Interview with Edward Mitterrand & Annett Höland

Reading time: 4 Min
VP Bank has been promoting art and culture since its founding. Much has happened in the field of digital assets in recent years. For example, blockchain technology is opening up new possibilities in the art market. Among other things, tokenisation can be used to divide up art in such a way that it meets different needs. Edward Mitterrand, international art advisor, and Annett Höland, curator of the VP Bank Art Foundation, give us an insight into their work and the technological development of the art market:

Ms Höland, Mr Mitterrand, can you briefly describe your career?

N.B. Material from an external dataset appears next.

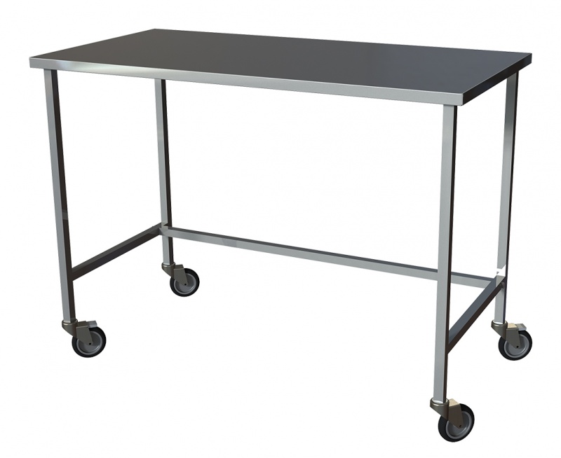 Изготовлен полностью из нержавеющей стали, устойчивой к регулярной обработке дезинфицирующими и моющими средствами. Каркас из нержавеющей стальной трубы квадратного сечения. Столешница из листовой нержавеющей стали. Колеса поворотные, самоориентирующиеся, ∅100 мм, два...

Annett Höland: I have been working as a curator since 2013 and have dedicated my professional career to various curatorial projects in changing constellations for exhibition spaces in Liechtenstein and the surrounding region. In 2017, I recorded and prepared the works of the late Liechtenstein artist Elisabeth Büchel. One year later, I redesigned the location of VP Bank Zurich on a project basis. Since 2019, I have been the curator of the VP Bank Art Foundation.

Edward Mitterrand: I founded a company in the UK in the late 90s, worked as an art dealer and organised sculpture exhibitions worldwide. In the '00s, I opened a gallery in Geneva and one in Zurich. With both galleries I participated in art fairs and exhibited both young and renowned artists. In 2015, I decided to focus on my consulting work. Today I advise financial intermediaries and their clients. I draw on traditional art consultancy, but also on new financial instruments such as tokenisation.

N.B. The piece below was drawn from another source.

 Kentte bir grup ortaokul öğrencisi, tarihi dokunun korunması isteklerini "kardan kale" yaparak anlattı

Mr Mitterrand, how do you go about researching and evaluating art for clients?

Edward Mitterrand: First, we create a profile of the client and define the budget, the number of works and the style. In the next step, we narrow down the selection to the most important artists. We always make sure that our clients receive an appropriate price, that the relevant documentation is available and that the condition of the artwork is impeccable. To value an existing work of art, we take into account technical and financial factors, as well as the work's future potential and current market sentiment. To value an existing work of art, we take into account technical and financial factors, as well as the work's future potential and current market sentiment.

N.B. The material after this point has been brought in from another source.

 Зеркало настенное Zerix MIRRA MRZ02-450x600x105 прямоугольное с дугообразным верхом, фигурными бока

Ms Höland, what is the collection concept of the VP Bank Art Foundation?

Annett Höland: Different positions of painting in the non-representational area from the post-war period to the present form the focus of today's collection activities. The collection began in the 1970s and received a sharpened collection concept as a result of the VP Bank Art Foundation, which was founded in 1996. Through acquisitions, contemporary artists from Switzerland and abroad are promoted and the collection is continually expanded.

The works are exhibited on the premises of VP Bank and invite intellectual and aesthetic engagement in the everyday business environment. As the works are presented in a non-museum setting, the extent to which the needs of the place of work can be reconciled with those of the exhibition venue must be constantly re-examined. The spatial framework conditions of the working environment have a decisive influence on the concrete design of the collection policy. This concerns not only the placement of the works, but also their mediation.

Does the VP Bank Art Foundation also purchase works as an investment?

Annett Höland: In accordance with the statutes, purchases are made solely for the purpose of promoting the arts and not as an investment. The VP Bank Art Foundation does not speculate on a profitable sale and only sells works of art in very rare cases.

VP Bank has always supported culture and art. This is done through sponsoring as well as through the VP Bank Foundation, which was established on the occasion of the Bank's 50th anniversary. The VP Bank Art Foundation has pursued the goal of supporting artists through the purchase and mediation of art since its inception. In this way, as many people as possible - clients and employees alike - will be able to enjoy art as an inspiring overall experience.

Mr Mitterrand, where do you see the role of the metaverse, where real goods can be digitised and bought, presented and sold in the future?

Edward Mitterrand: So far, only a few digital artworks have been created in the context of NFT distribution by young or established artists. Nevertheless, the future of art is digital. The metaverse will be a massive repository for the digitisation of the art world. Artists, curators and collectors will present digital or digitised art in web3 environments that will become more and more compelling thanks to technological advances. Quite apart from the fact that provenance and ownership will no longer be an issue, tokens will issue certificates based on smart contracts created at the time of each artwork's creation or registered at some other specific time.

Speaking of tokenisation: Ms Höland, are there plans to tokenise individual works in the future?

Annett Höland: At the moment, the VP Bank Art Foundation is working out a project together with the Digital Assets team on the topic of tokenisation. This project should enable us not only to make works physically tangible, but also to communicate them digitally.

Note: The views and opinions expressed in the expert interview may differ from those of VP Bank.